-------- Given material

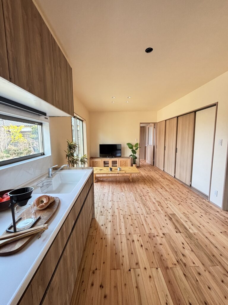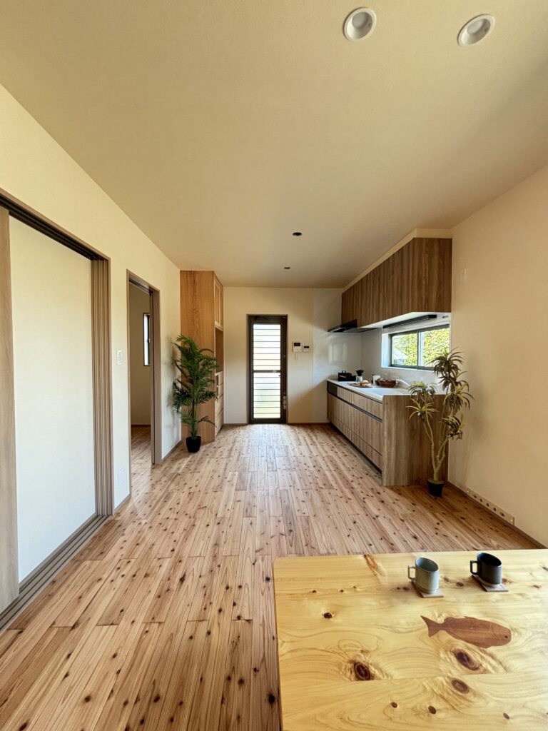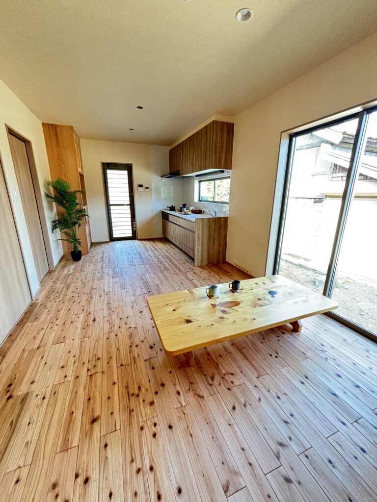 リビングに足を踏み入れた瞬間、広がるのは無垢の杉床の質感。冬でも冷たくなく、歩くたびに心がほどけるような柔らかさです。
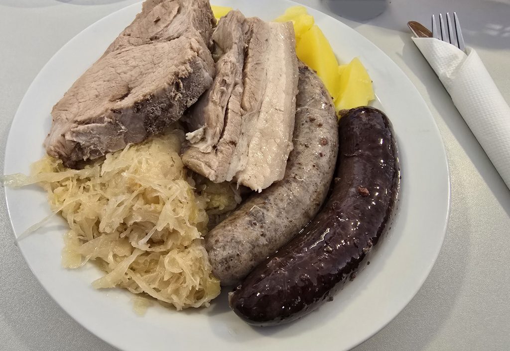 Der Duft von Blut- und Leberwurst, Sauerkraut und Wellfleisch ließ so manchem schon vor dem Essen das Wasser im Mund zusammenlaufen. Unter die zahlreichen Einheimischen hatten sich auch manche auswärtigen Gäste gemischt. Als die Teller aufgetragen wurden, stockte so manchem der Atem. Solch große Portionen sieht man nicht alle Tage. Sicherheitshalber lagen schon Verpackungsmittel für die Überreste bereit und auch eine gute Wurstsuppe durfte jeder der wollte mit nach Hause nehmen. Apropos mitnehmen. Viele Besucher zogen es vor ihre Schlachtplatte mit ihren Lieben zusammen zu Hause zu essen. Kein Problem, auch dafür hatten die Landfrauen vorgesorgt.
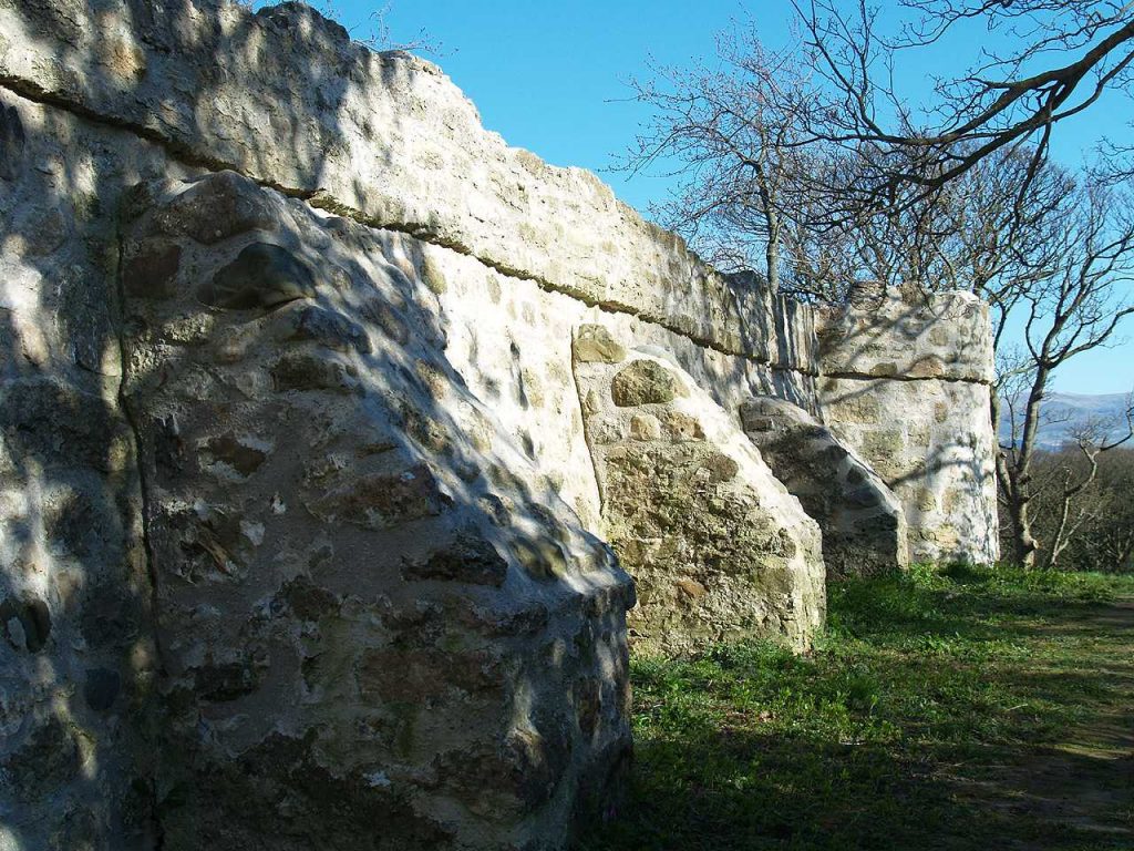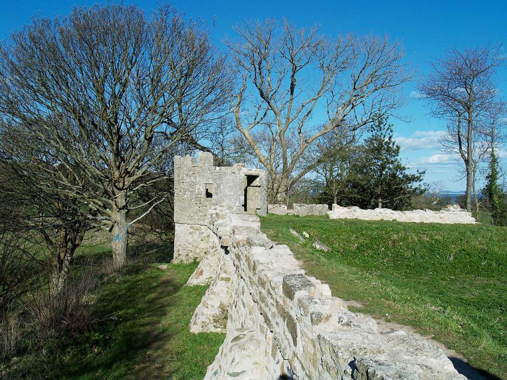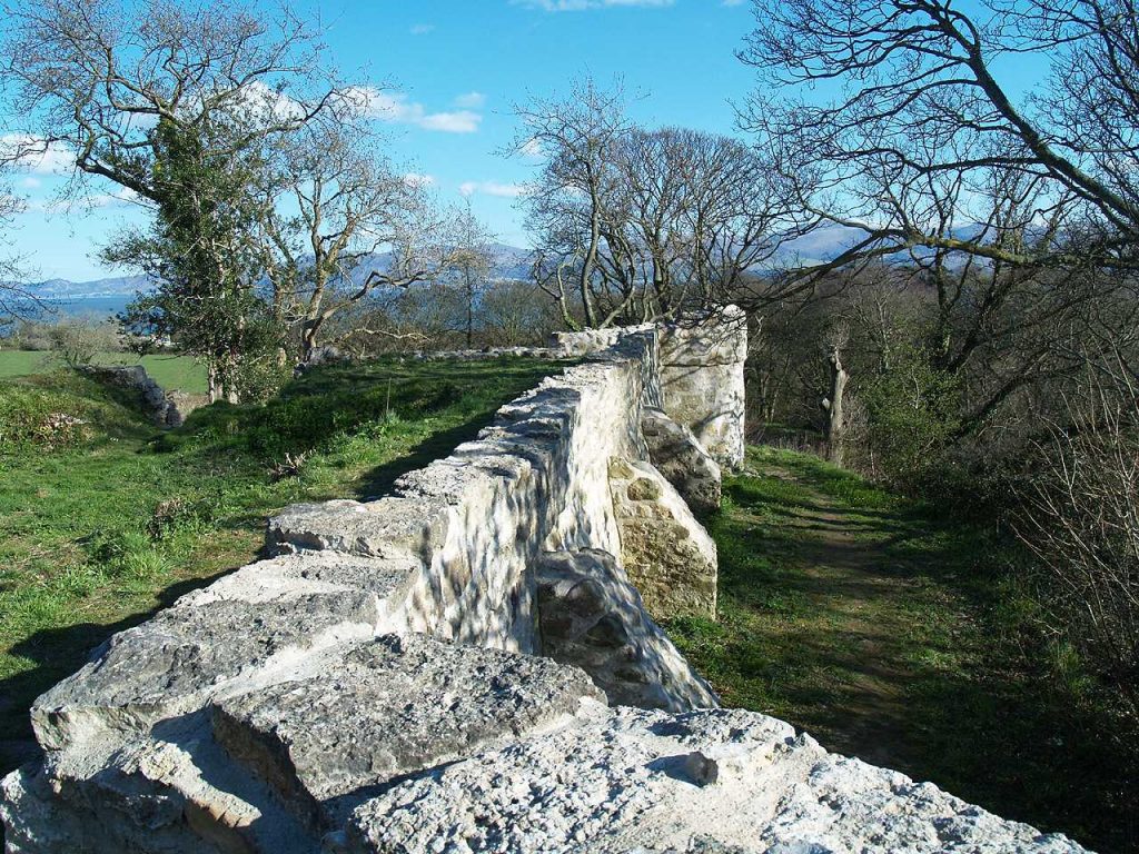 Castell Aberlleiniog is the site of a Motte and Bailey, built in the 11th century on behalf of Hugh d’Avranches, the 1st Earl of Chester. Originally it would have been a wooden structure, now long since disappeared, and replaced during the Civil War by a stone structure consisting of a surrounding wall, and archers towers. Even later, during the World War, it was used by the Home Guard. It is impossible – due to the undergrowth – to determine what remains may lie in the centre of the castle.
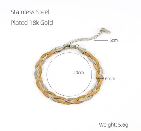 Braided Titanium Steel Bracelet for Women, Simple Versatile Three-Color Blade Chain, Fashionable Non-Fading Necklace

----------------

### [Assignment]
Leave the pictures out and output all of the data verbatim.

### [Solution for this problem]
 リビングに足を踏み入れた瞬間、広がるのは無垢の杉床の質感。冬でも冷たくなく、歩くたびに心がほどけるような柔らかさです。
 Der Duft von Blut- und Leberwurst, Sauerkraut und Wellfleisch ließ so manchem schon vor dem Essen das Wasser im Mund zusammenlaufen. Unter die zahlreichen Einheimischen hatten sich auch manche auswärtigen Gäste gemischt. Als die Teller aufgetragen wurden, stockte so manchem der Atem. Solch große Portionen sieht man nicht alle Tage. Sicherheitshalber lagen schon Verpackungsmittel für die Überreste bereit und auch eine gute Wurstsuppe durfte jeder der wollte mit nach Hause nehmen. Apropos mitnehmen. Viele Besucher zogen es vor ihre Schlachtplatte mit ihren Lieben zusammen zu Hause zu essen. Kein Problem, auch dafür hatten die Landfrauen vorgesorgt.
 Castell Aberlleiniog is the site of a Motte and Bailey, built in the 11th century on behalf of Hugh d’Avranches, the 1st Earl of Chester. Originally it would have been a wooden structure, now long since disappeared, and replaced during the Civil War by a stone structure consisting of a surrounding wall, and archers towers. Even later, during the World War, it was used by the Home Guard. It is impossible – due to the undergrowth – to determine what remains may lie in the centre of the castle.
 Braided Titanium Steel Bracelet for Women, Simple Versatile Three-Color Blade Chain, Fashionable Non-Fading Necklace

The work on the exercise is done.